[Data section — start]

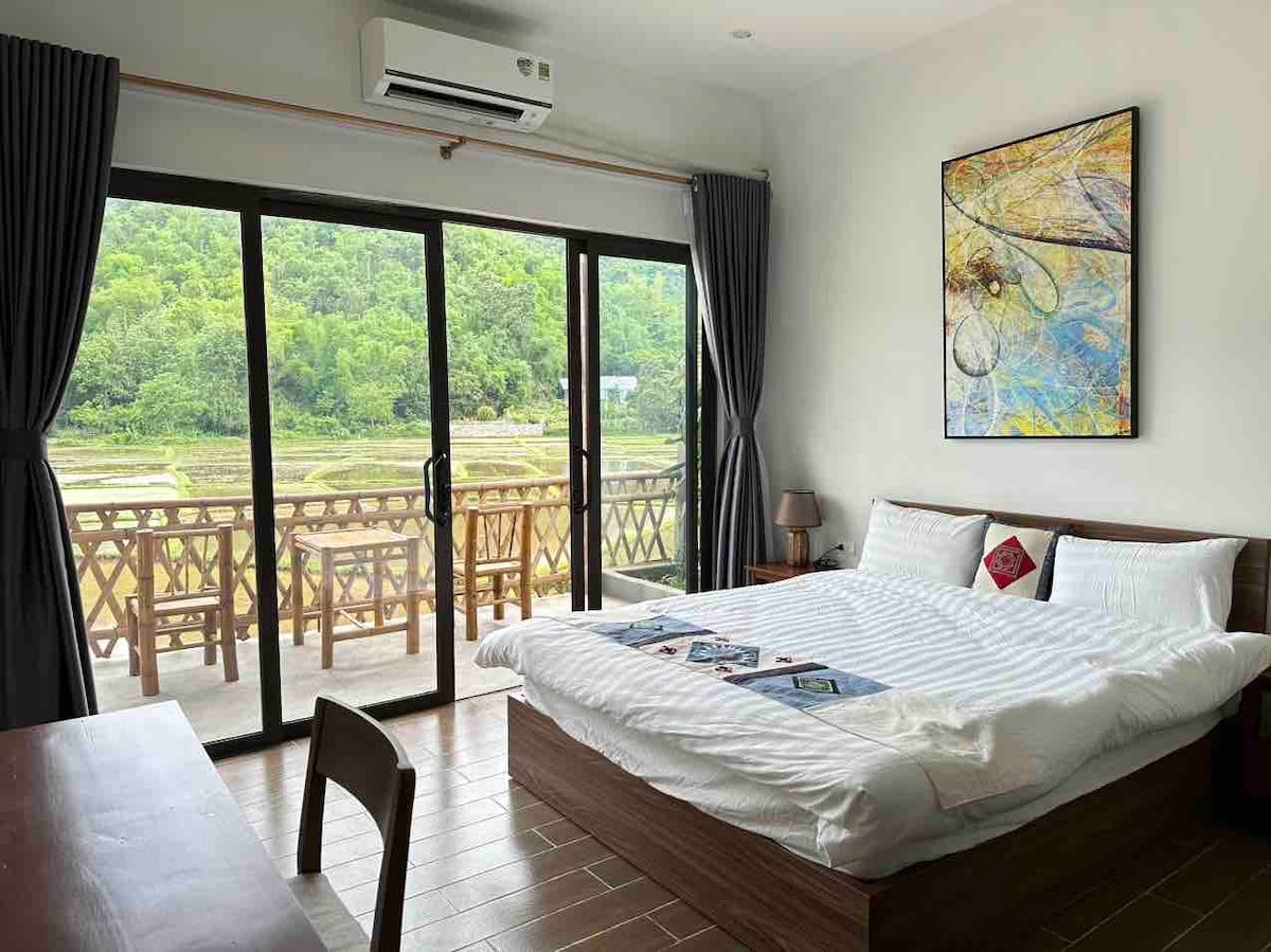 Mai Chau Eco Homestay porodična soba pogled na planinu
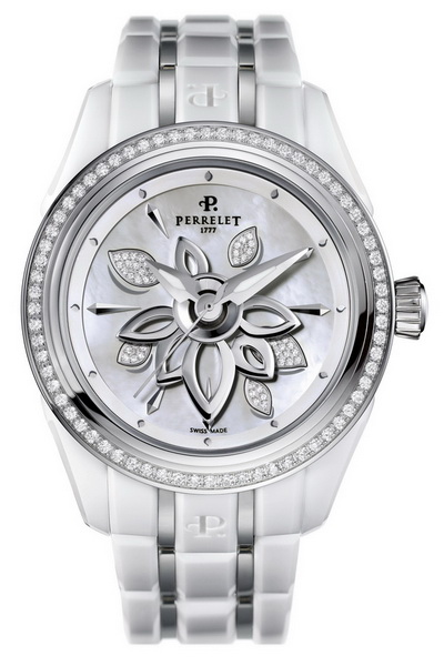 На этот раз фирма "Perrelet S.A." представила изящную модель, которая имеет два варианта исполнения: "бриллиантовый цветок" насыщенного чёрного цвета и его белоснежный аналог в корпусах, выполненных из специальной высокопрочной керамики, и украшенных бриллиантами. Изменение материала изготовления нисколько не умалило изысканный дизайн и безупречное качество женских хронометров, они по-прежнему благородны и надёжны.
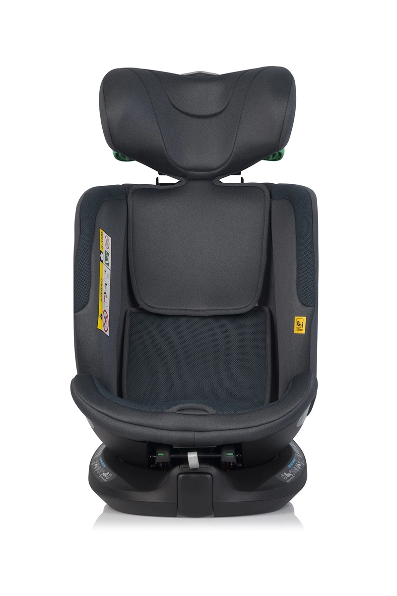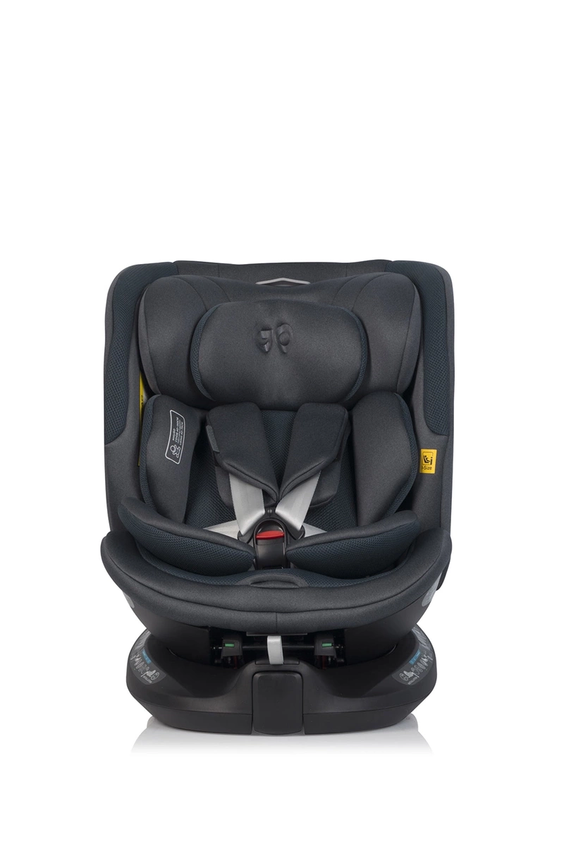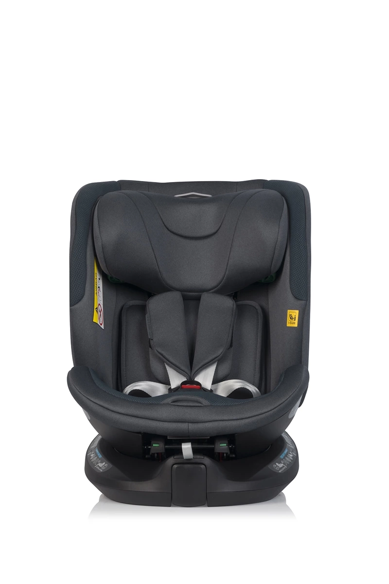Fotelik oferuje możliwość obrotu przodem, tyłem lub bokiem do kierunku jazdy, co znacznie ułatwia usadzanie dziecka oraz sprawdza się podczas postoju.

[Data section — finish]

Problem to solve: The whole listing is to be written out exactly; the pictures stay out of the copy.

Expected answer:
 Mai Chau Eco Homestay porodična soba pogled na planinu
 На этот раз фирма "Perrelet S.A." представила изящную модель, которая имеет два варианта исполнения: "бриллиантовый цветок" насыщенного чёрного цвета и его белоснежный аналог в корпусах, выполненных из специальной высокопрочной керамики, и украшенных бриллиантами. Изменение материала изготовления нисколько не умалило изысканный дизайн и безупречное качество женских хронометров, они по-прежнему благородны и надёжны.
Fotelik oferuje możliwość obrotu przodem, tyłem lub bokiem do kierunku jazdy, co znacznie ułatwia usadzanie dziecka oraz sprawdza się podczas postoju.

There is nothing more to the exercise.